Matcher Rust Implement PyO3 binding

Installation

pip install matcher_py

Usage

  • Python usage is in the test.ipynb file.
  • msgspec is used to serialize the matcher config, you can use ormsgpack or other msgpack serialization library to serialize the matcher config, all the types are defined in extention_types.py. But for performance consideration, I recommend msgspec.

Matcher

import msgspec
import numpy as np

from matcher_py import Matcher, SimpleMatcher # type: ignore
from matcher_py.extension_types import MatchTableType, SimpleMatchType, MatchTable

msgpack_encoder = msgspec.msgpack.Encoder()

matcher = Matcher(
    msgpack_encoder.encode(
        {
            "test": [
                MatchTable(
                    table_id=1,
                    match_table_type=MatchTableType.Simple,
                    simple_match_type=SimpleMatchType.MatchFanjian | SimpleMatchType.MatchDeleteNormalize,
                    word_list=["蔔", "你好"],
                    exemption_simple_match_type=SimpleMatchType.MatchFanjian | SimpleMatchType.MatchDeleteNormalize,
                    exemption_word_list=[],
                )
            ]
        }
    )
)

matcher.is_match(r"卜")

matcher.word_match(r"你,好")

matcher.word_match_as_string("你好")

matcher.batch_word_match_as_string(["你好", "你好", "你真棒"])

text_array = np.array(
    [
        "Laborum eiusmod anim aliqua non veniam laboris officia dolor. Adipisicing sit est irure Lorem duis adipisicing exercitation. Cillum excepteur non anim ipsum eiusmod deserunt veniam. Nulla veniam sunt sint ad velit occaecat in deserunt nulla nisi excepteur. Cillum veniam Lorem aute eu. Nisi voluptate laboris quis sint pariatur ullamco minim pariatur officia non anim nisi nulla ipsum ad. Veniam pariatur ut occaecat ut veniam velit aliquip commodo culpa elit eu eiusmod."
    ]
    * 10000,
    dtype=np.dtype("object")
)
matcher.numpy_word_match_as_string(text_array)

text_array = np.array(
    [
        "Laborum eiusmod anim aliqua non veniam laboris officia dolor. Adipisicing sit est irure Lorem duis adipisicing exercitation. Cillum excepteur non anim ipsum eiusmod deserunt veniam. Nulla veniam sunt sint ad velit occaecat in deserunt nulla nisi excepteur. Cillum veniam Lorem aute eu. Nisi voluptate laboris quis sint pariatur ullamco minim pariatur officia non anim nisi nulla ipsum ad. Veniam pariatur ut occaecat ut veniam velit aliquip commodo culpa elit eu eiusmod."
    ]
    * 10000,
    dtype=np.dtype("object")
)
matcher.numpy_word_match_as_string(text_array, inplace=True)
text_array

Simple Matcher

import msgspec
import numpy as np

from matcher_py import Matcher, SimpleMatcher # type: ignore
from matcher_py.extension_types import MatchTableType, SimpleMatchType, MatchTable

msgpack_encoder = msgspec.msgpack.Encoder()

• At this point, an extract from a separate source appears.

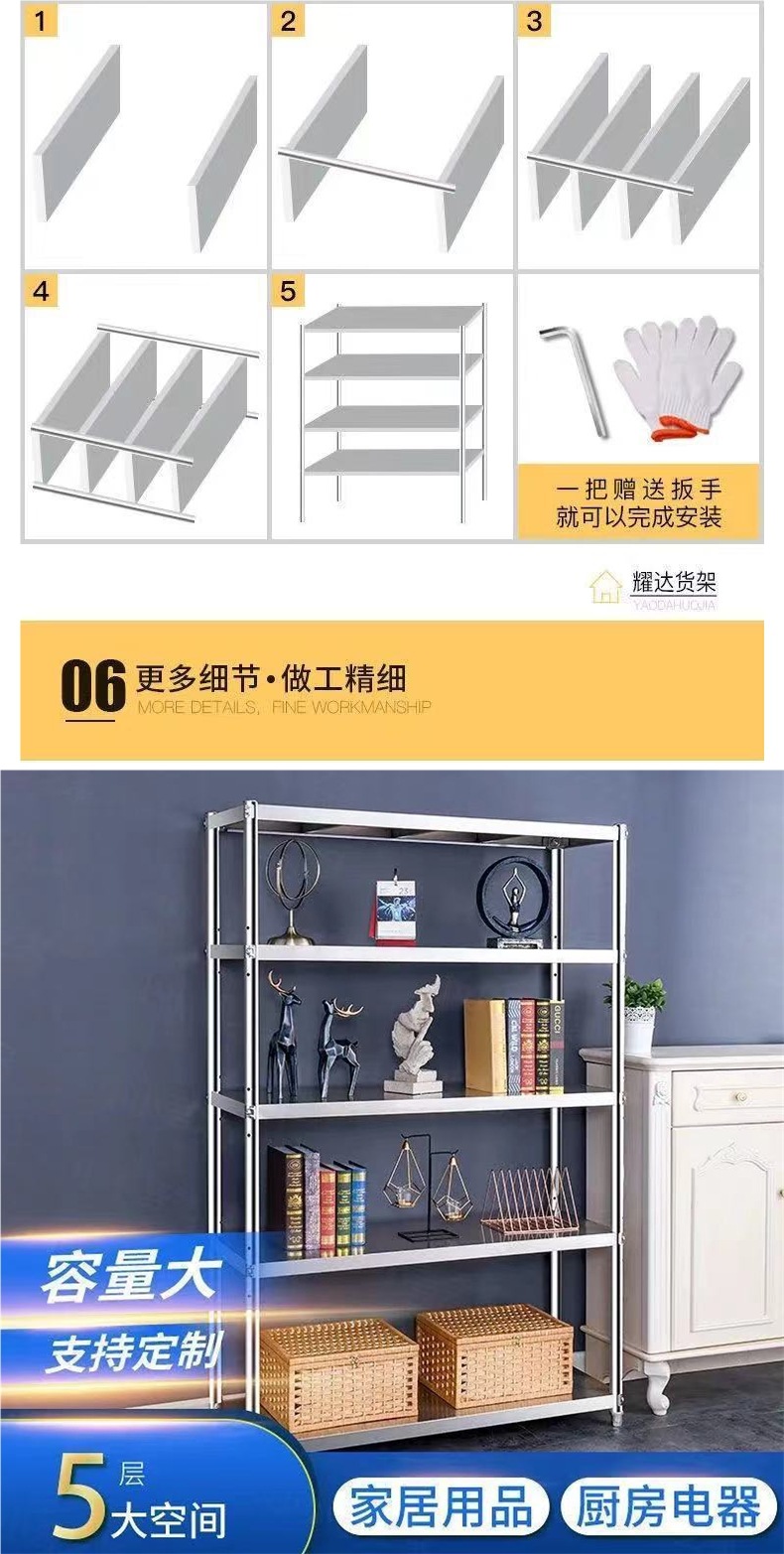 두꺼운 주방 스테인레스 스틸 바닥 스탠딩 선반 다층 스토리지 랙 선반 스토리지 랙 전자 레인지 냄비 랙스토어 가기

simple_matcher = SimpleMatcher(
    msgpack_encoder.encode(
        {
            SimpleMatchType.MatchFanjian | SimpleMatchType.MatchDeleteNormalize: {
                1: "无,法,无,天",
                2: "xxx",
                3: "你好",
                6: r"It's /\/\y duty",
                4: "xxx,yyy",
            },
            SimpleMatchType.MatchFanjian: {
                4: "xxx,yyy",
            },
            SimpleMatchType.MatchNone: {
                5: "xxxxx,xxxxyyyyxxxxx",
            },
        }
    )
)

simple_matcher.is_match("xxx")

simple_matcher.simple_process(r"It's /\/\y duty")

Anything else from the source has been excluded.